Sunday 18 October 2009

Tate Liverpool

Liverpool continued!
Here's some stuff I found at the Tate... Again I've tried to select just the best bits, the stuff I really liked.
The first few things are really relevant to my silence project and will be reappearing in my sketchbook!

David Lamelas - Time
Each person has to count 60 seconds before they turn to the next person. A visual way to record the movement of time. I guess time could be thought of as silent - a clock ticks but time itself just goes on and on without any interruptions, it doesn't make a sound yet it dictates everything.

Francis Alys - A personal repertoire of possible behaviour while walking the streets of London town.
I really love this work (there were many of them but I can't find images). Posed scenarios of a journey around town displayed next to a list of verbs which all could describe what is going on. The work is simple and beautifully presented and links with my silence ideas.
Luis Camnitzer - sentences
'Six chrome plated cubes each with an inscription describing a visual situation in raised typeface.' I have a lot more research into this artist to do - what I've seen so far has really inspired my project.

Rebecca Horn - pencil mask
This looks quite sinister in the picture - maybe its meant to - but the mask fits perfectly on the artists face and she used it to draw. I'm not sure what it was that drew me to this concept, I like the fact that the marks would be different for every face, that they respond to the way that your body moves.

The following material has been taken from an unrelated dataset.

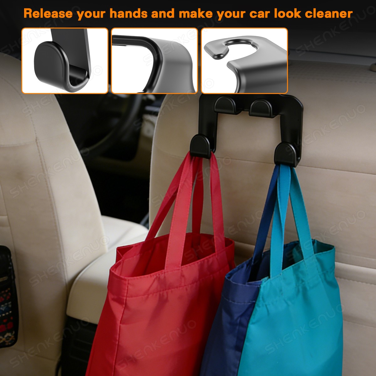как выглядит 2Pcs Black Car Headrest Hook Seat Back Hanger Bag Purse Cloth Holder фото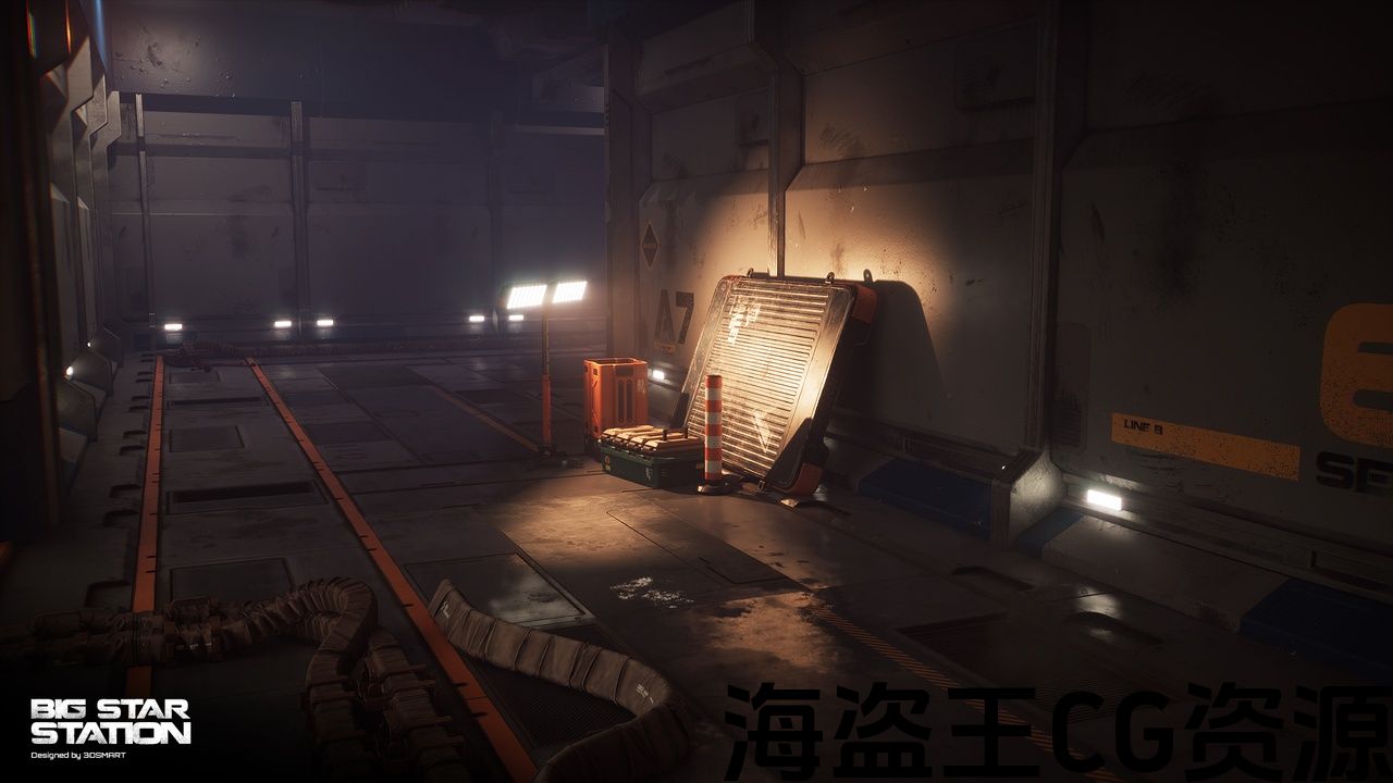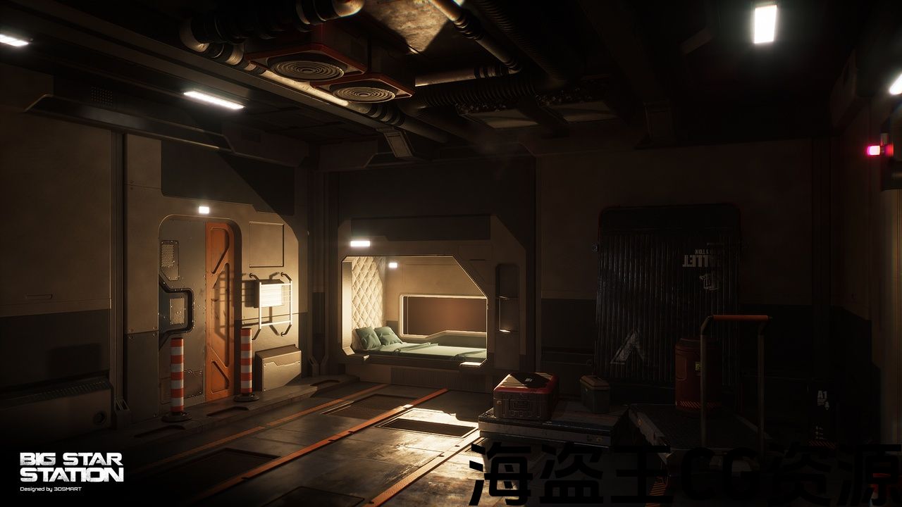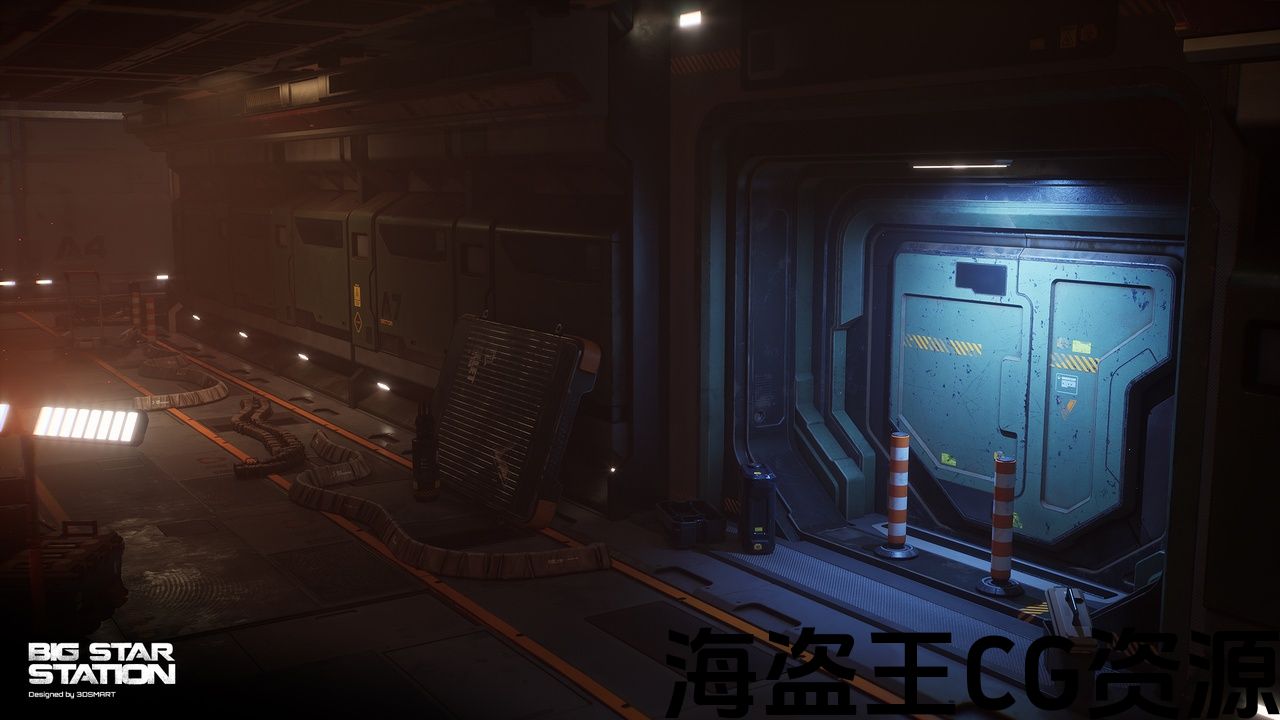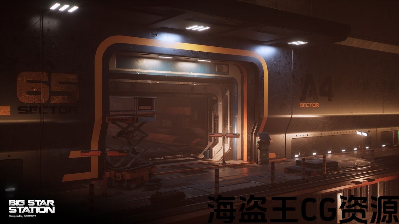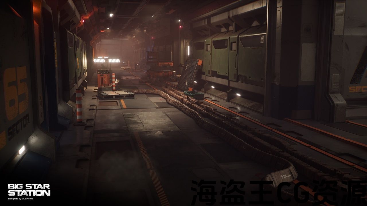 一个空间站,有许多不同的部分,包括大量的房间,这些房间与由模块化部件组装的详细走廊相连,还有一个巨大的机库,可以用作火车站或宇宙飞船停靠区。 由于我对作品细节的痴迷,我在Solidworks中制作了几乎所有用于其他行业设计工程零件和产品的高聚基础资产。

You could never create the same drawing twice.

Richard Artschwager - tower 2
This tower is about communication. When two people talk through the wall the artist leaves only space for the face to be seen, highlighting the eyes and mouth and forcing them to focus on this. In my project, working with words, I want to experiment with removing all of this communication, to see how it effects people's personal interpretations.
Richard Long - Here the artist records his journey in writing with one line of physical descriptions and one with descriptive imagery.
Another piece which really caught my eye - Robert Morris - location space. Little indicators on each edge adjust to the space which the work is placed to measure how far away it is.

Allen Jones - chair

Antony Gormley - Three ways, Mole hole and passage

John Coplans - self portrait
Jeff Koons - Three ball equilibrium tank

Bob and Roberta Smith - Make Art not War
Bruce Mclean - pose for work on plinths
'Iconic and humorous commentary on what he considered to be the pompous monumentality of Henry Moore's large plinth based sculptures. Use of plinths is a reference to the dogmatic rejection of plinths as a legitimate base'

Charles Ray - Plank Piece

Dan Flavin - creates pieces of work that are dictated by the place they are to be exhibited. In the corner of Tate, the dimensions mean that it can hang in the middle of the wall with no support from below or above. The cross shape has no symbolic reference.
Heinz Mack - Light Dynamo
The best optical illusion I've ever seen!!
Helen Chadwick - Ego geometria sum : The labours

John Davies - The redeemers
extremely creepy, I found this very difficult to look at!!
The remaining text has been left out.